EXERCISE:
Write out the entries below exactly, but only from the line containing "Detall del mosaic" through the line containing "LA BLANCA TOLEDO", and without the pictures.

SOURCE MATERIAL:
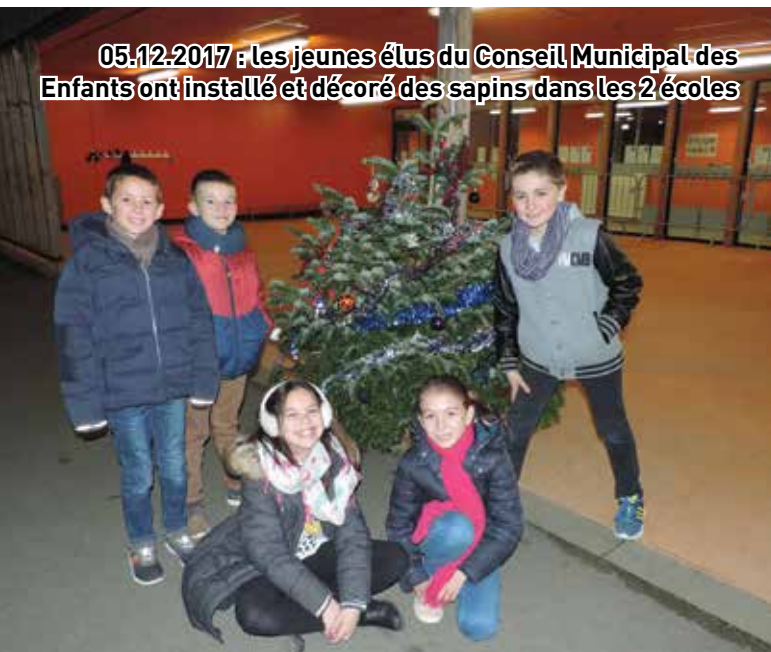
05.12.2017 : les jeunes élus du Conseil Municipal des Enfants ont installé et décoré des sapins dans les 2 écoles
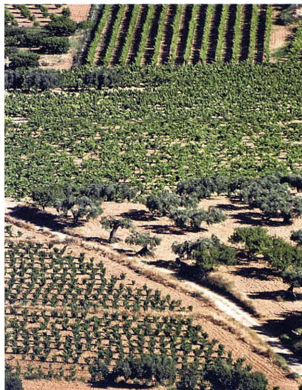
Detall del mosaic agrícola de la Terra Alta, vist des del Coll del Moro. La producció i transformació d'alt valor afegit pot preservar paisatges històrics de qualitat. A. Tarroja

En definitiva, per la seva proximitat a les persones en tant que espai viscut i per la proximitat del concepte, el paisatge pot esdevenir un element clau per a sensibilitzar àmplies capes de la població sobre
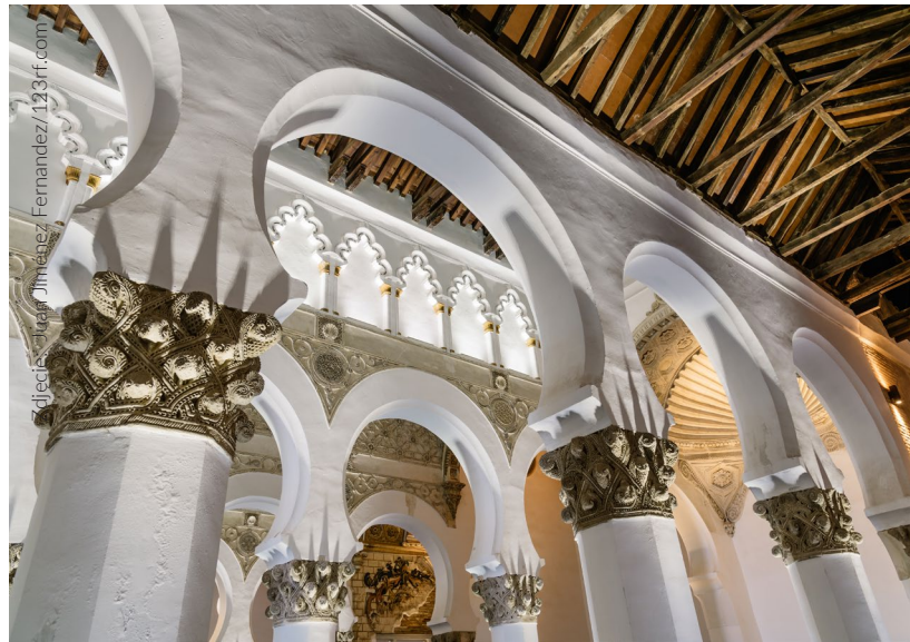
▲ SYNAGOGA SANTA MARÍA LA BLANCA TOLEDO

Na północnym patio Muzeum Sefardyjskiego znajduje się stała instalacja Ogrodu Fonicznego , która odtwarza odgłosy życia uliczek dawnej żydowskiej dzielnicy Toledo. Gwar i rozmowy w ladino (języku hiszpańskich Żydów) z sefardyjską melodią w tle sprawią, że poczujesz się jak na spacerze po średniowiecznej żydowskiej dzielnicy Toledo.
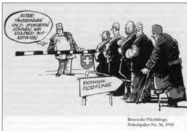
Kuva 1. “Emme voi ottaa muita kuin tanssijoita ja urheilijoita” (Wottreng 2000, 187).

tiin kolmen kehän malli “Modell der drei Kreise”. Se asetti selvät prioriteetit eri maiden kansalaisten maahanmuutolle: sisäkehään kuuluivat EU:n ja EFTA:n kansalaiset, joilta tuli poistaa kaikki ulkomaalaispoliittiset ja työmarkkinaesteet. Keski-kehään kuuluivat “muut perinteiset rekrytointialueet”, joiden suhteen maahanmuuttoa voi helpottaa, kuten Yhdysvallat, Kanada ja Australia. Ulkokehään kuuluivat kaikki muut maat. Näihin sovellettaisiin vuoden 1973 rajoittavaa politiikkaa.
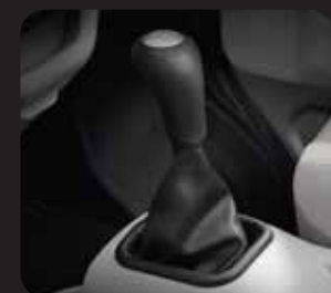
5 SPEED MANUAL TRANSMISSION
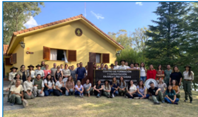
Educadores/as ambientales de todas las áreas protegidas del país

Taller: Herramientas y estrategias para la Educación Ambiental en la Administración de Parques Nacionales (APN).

TASK RESPONSE:
Detall del mosaic agrícola de la Terra Alta, vist des del Coll del Moro. La producció i transformació d'alt valor afegit pot preservar paisatges històrics de qualitat. A. Tarroja

En definitiva, per la seva proximitat a les persones en tant que espai viscut i per la proximitat del concepte, el paisatge pot esdevenir un element clau per a sensibilitzar àmplies capes de la població sobre
▲ SYNAGOGA SANTA MARÍA LA BLANCA TOLEDO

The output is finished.